**Data extracts:**

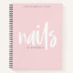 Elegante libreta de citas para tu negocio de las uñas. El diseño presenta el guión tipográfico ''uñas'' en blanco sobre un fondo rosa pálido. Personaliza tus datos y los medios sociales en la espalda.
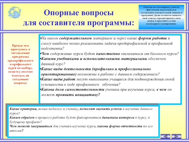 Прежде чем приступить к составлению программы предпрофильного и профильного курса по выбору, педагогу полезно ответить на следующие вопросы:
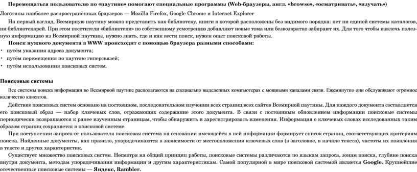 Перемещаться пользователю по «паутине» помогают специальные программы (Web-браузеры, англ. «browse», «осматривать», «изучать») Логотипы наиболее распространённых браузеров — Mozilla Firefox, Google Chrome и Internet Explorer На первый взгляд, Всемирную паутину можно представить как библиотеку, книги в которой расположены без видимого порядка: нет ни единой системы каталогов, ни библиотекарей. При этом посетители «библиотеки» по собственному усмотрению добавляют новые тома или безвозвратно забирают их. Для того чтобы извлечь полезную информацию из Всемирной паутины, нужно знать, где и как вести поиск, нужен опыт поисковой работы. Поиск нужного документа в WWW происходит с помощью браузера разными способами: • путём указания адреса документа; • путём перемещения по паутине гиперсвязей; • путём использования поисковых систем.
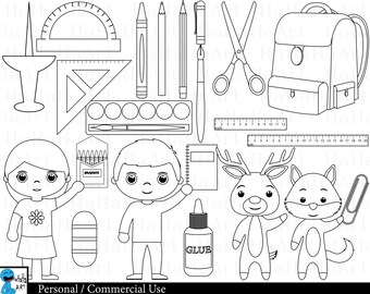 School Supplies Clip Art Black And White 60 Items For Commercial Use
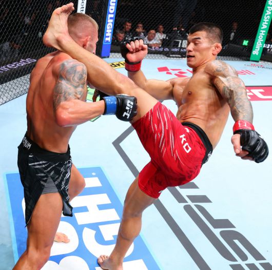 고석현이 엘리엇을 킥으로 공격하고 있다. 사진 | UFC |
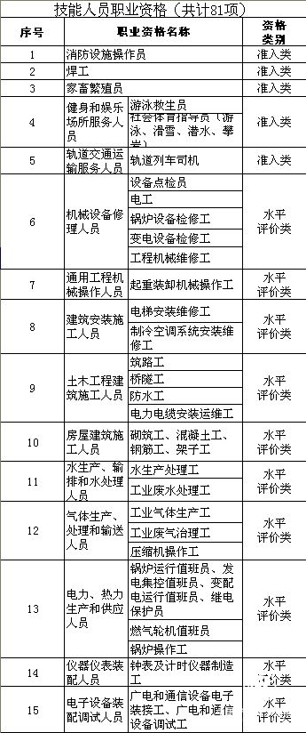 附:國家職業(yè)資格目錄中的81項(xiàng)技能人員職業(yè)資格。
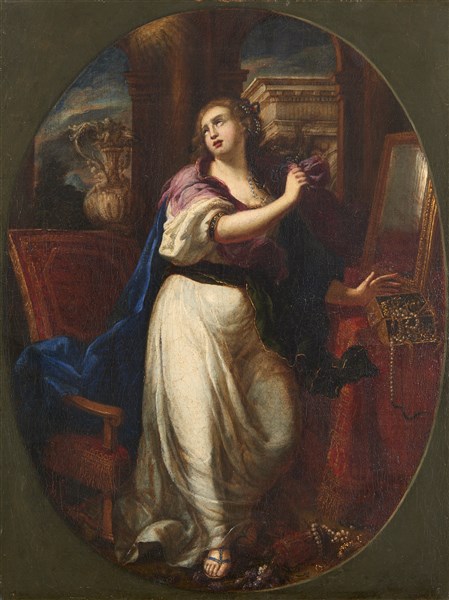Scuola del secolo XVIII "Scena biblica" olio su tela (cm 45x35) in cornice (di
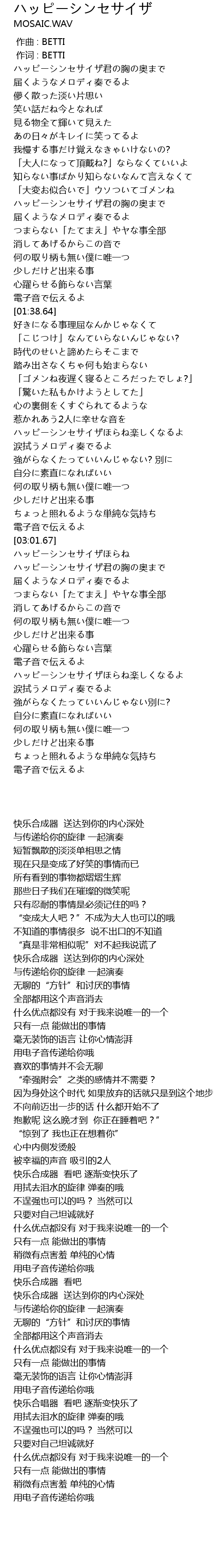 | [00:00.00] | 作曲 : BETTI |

--

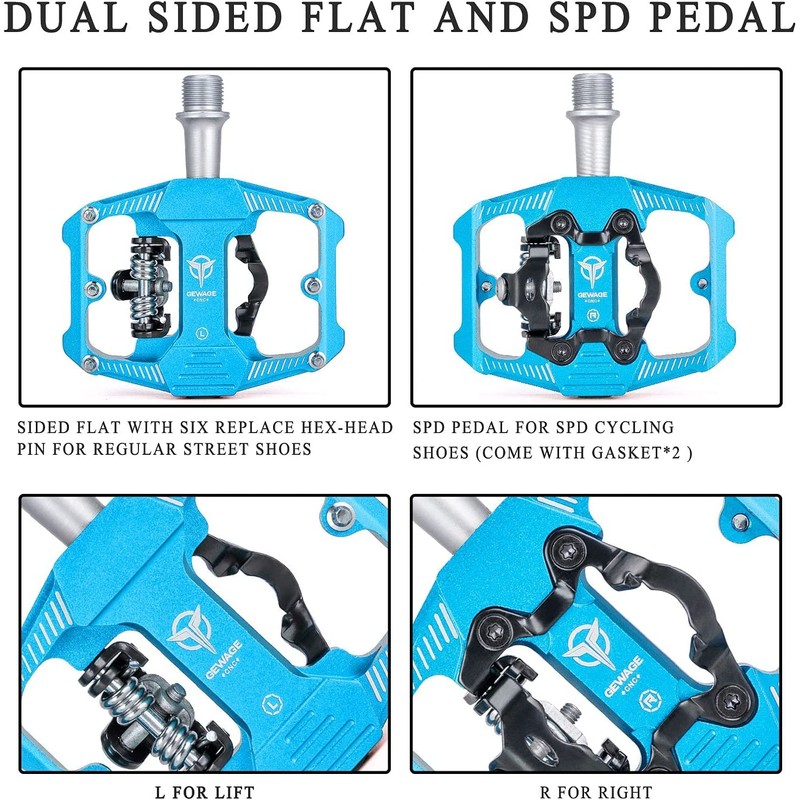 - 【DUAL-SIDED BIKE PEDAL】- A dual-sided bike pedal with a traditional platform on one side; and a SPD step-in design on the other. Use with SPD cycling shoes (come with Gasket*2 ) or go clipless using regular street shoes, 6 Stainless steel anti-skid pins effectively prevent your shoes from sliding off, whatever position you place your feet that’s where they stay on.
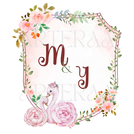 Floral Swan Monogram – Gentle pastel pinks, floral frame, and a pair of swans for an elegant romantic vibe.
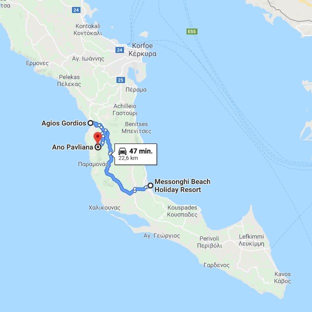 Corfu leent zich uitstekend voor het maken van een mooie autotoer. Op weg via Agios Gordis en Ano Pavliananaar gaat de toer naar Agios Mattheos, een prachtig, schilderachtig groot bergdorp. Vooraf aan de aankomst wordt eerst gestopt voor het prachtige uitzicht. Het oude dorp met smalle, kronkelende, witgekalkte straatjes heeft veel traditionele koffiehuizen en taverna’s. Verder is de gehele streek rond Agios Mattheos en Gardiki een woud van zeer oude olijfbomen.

--

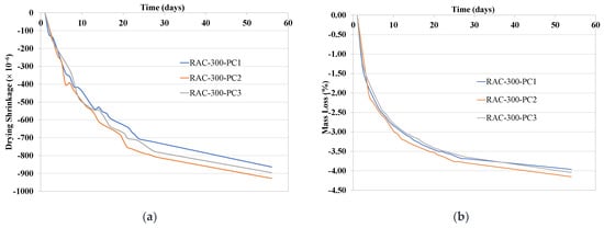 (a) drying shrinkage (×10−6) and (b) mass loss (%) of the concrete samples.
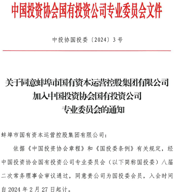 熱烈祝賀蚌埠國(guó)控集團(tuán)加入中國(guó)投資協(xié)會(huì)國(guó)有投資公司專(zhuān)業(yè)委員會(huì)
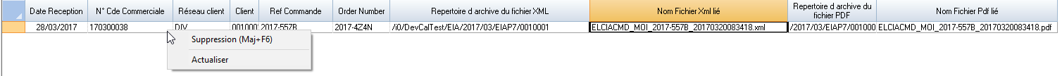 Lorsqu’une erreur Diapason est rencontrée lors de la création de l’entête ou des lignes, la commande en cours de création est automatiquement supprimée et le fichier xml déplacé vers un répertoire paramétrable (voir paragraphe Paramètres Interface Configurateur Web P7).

**Required action:**
Repeat exactly the lines above, from the line that contains "Scuola del secolo" down through the line that contains "作曲 : BETTI |". Include both of those lines and none of the pictures.

**Task output:**
Scuola del secolo XVIII "Scena biblica" olio su tela (cm 45x35) in cornice (di
 | [00:00.00] | 作曲 : BETTI |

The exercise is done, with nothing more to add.